The records below hold pictures; please leave those out and retype the rest exactly.

%%

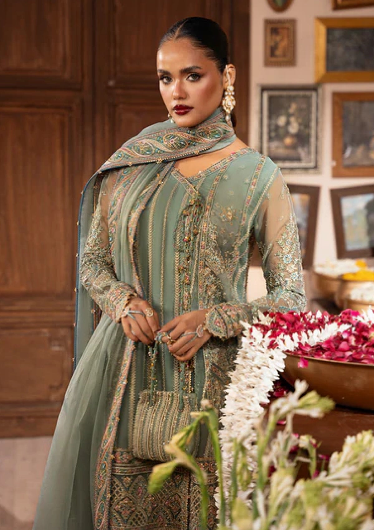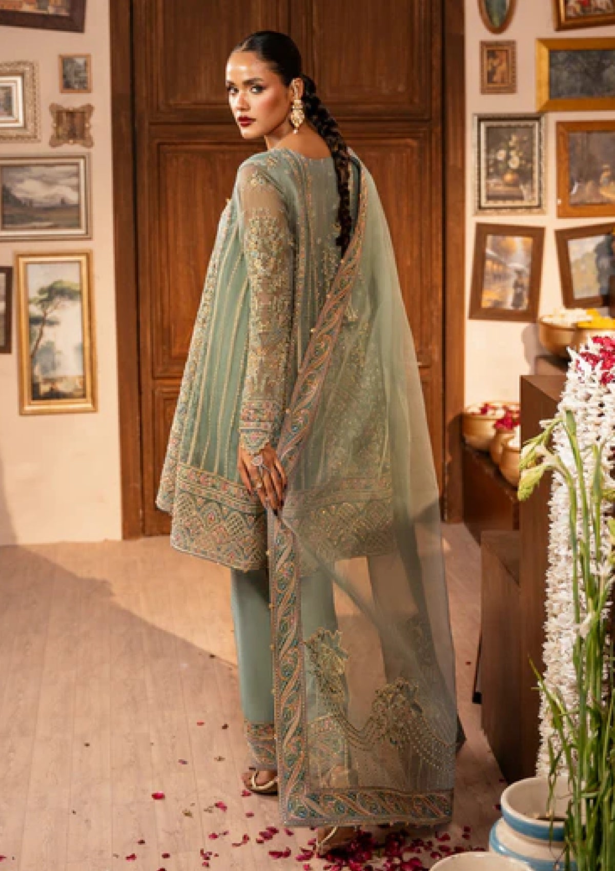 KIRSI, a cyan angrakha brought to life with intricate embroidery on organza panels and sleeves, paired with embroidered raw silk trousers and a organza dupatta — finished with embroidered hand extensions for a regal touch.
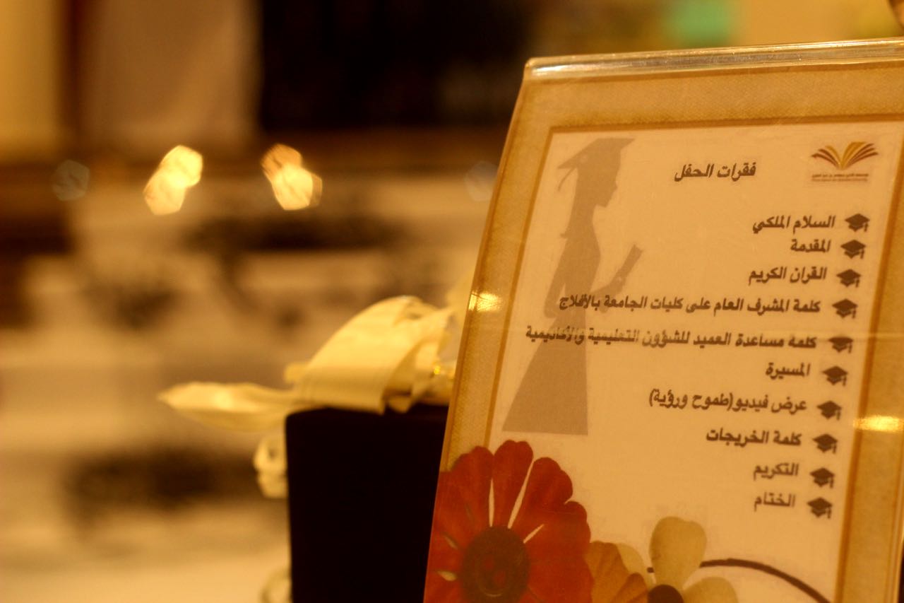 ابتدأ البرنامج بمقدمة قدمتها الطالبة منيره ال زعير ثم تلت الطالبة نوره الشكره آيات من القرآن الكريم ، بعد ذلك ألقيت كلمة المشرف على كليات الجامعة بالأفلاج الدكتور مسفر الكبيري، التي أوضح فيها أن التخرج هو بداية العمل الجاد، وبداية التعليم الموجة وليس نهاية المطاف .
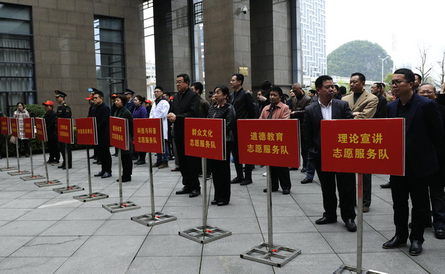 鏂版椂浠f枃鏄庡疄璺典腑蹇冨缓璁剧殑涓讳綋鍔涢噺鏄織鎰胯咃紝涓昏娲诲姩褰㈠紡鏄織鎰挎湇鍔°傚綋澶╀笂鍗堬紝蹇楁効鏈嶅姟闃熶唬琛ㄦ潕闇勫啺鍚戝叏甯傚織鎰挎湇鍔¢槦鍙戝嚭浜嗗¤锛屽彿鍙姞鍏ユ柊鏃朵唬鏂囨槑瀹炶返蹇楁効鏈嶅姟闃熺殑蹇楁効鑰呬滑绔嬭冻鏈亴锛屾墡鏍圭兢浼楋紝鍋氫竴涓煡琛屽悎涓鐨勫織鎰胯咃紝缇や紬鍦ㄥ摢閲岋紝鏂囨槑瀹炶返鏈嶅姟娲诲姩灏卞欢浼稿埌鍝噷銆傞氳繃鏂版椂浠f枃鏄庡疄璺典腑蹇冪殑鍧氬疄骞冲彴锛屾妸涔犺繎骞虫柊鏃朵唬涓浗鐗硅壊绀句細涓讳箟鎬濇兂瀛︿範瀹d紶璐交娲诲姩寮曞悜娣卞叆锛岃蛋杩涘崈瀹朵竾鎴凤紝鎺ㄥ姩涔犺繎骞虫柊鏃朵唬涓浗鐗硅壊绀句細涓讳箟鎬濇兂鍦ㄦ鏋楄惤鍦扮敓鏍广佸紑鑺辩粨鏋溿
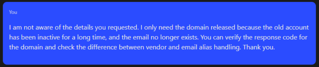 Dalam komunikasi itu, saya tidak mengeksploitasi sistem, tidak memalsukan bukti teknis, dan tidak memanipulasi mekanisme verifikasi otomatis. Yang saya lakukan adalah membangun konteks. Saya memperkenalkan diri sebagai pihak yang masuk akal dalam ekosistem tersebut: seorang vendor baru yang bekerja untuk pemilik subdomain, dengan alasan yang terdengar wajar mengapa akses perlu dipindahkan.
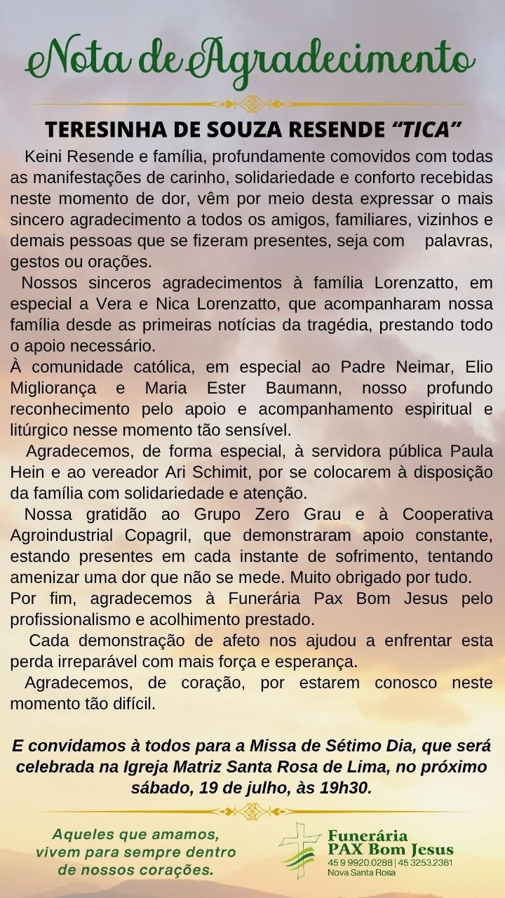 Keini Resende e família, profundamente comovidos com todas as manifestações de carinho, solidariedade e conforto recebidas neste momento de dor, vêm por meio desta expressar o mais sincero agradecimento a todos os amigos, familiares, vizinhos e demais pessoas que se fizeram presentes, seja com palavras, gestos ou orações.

%%

■ Expected output
 KIRSI, a cyan angrakha brought to life with intricate embroidery on organza panels and sleeves, paired with embroidered raw silk trousers and a organza dupatta — finished with embroidered hand extensions for a regal touch.
 ابتدأ البرنامج بمقدمة قدمتها الطالبة منيره ال زعير ثم تلت الطالبة نوره الشكره آيات من القرآن الكريم ، بعد ذلك ألقيت كلمة المشرف على كليات الجامعة بالأفلاج الدكتور مسفر الكبيري، التي أوضح فيها أن التخرج هو بداية العمل الجاد، وبداية التعليم الموجة وليس نهاية المطاف .
 鏂版椂浠f枃鏄庡疄璺典腑蹇冨缓璁剧殑涓讳綋鍔涢噺鏄織鎰胯咃紝涓昏娲诲姩褰㈠紡鏄織鎰挎湇鍔°傚綋澶╀笂鍗堬紝蹇楁効鏈嶅姟闃熶唬琛ㄦ潕闇勫啺鍚戝叏甯傚織鎰挎湇鍔¢槦鍙戝嚭浜嗗¤锛屽彿鍙姞鍏ユ柊鏃朵唬鏂囨槑瀹炶返蹇楁効鏈嶅姟闃熺殑蹇楁効鑰呬滑绔嬭冻鏈亴锛屾墡鏍圭兢浼楋紝鍋氫竴涓煡琛屽悎涓鐨勫織鎰胯咃紝缇や紬鍦ㄥ摢閲岋紝鏂囨槑瀹炶返鏈嶅姟娲诲姩灏卞欢浼稿埌鍝噷銆傞氳繃鏂版椂浠f枃鏄庡疄璺典腑蹇冪殑鍧氬疄骞冲彴锛屾妸涔犺繎骞虫柊鏃朵唬涓浗鐗硅壊绀句細涓讳箟鎬濇兂瀛︿範瀹d紶璐交娲诲姩寮曞悜娣卞叆锛岃蛋杩涘崈瀹朵竾鎴凤紝鎺ㄥ姩涔犺繎骞虫柊鏃朵唬涓浗鐗硅壊绀句細涓讳箟鎬濇兂鍦ㄦ鏋楄惤鍦扮敓鏍广佸紑鑺辩粨鏋溿
 Dalam komunikasi itu, saya tidak mengeksploitasi sistem, tidak memalsukan bukti teknis, dan tidak memanipulasi mekanisme verifikasi otomatis. Yang saya lakukan adalah membangun konteks. Saya memperkenalkan diri sebagai pihak yang masuk akal dalam ekosistem tersebut: seorang vendor baru yang bekerja untuk pemilik subdomain, dengan alasan yang terdengar wajar mengapa akses perlu dipindahkan.
 Keini Resende e família, profundamente comovidos com todas as manifestações de carinho, solidariedade e conforto recebidas neste momento de dor, vêm por meio desta expressar o mais sincero agradecimento a todos os amigos, familiares, vizinhos e demais pessoas que se fizeram presentes, seja com palavras, gestos ou orações.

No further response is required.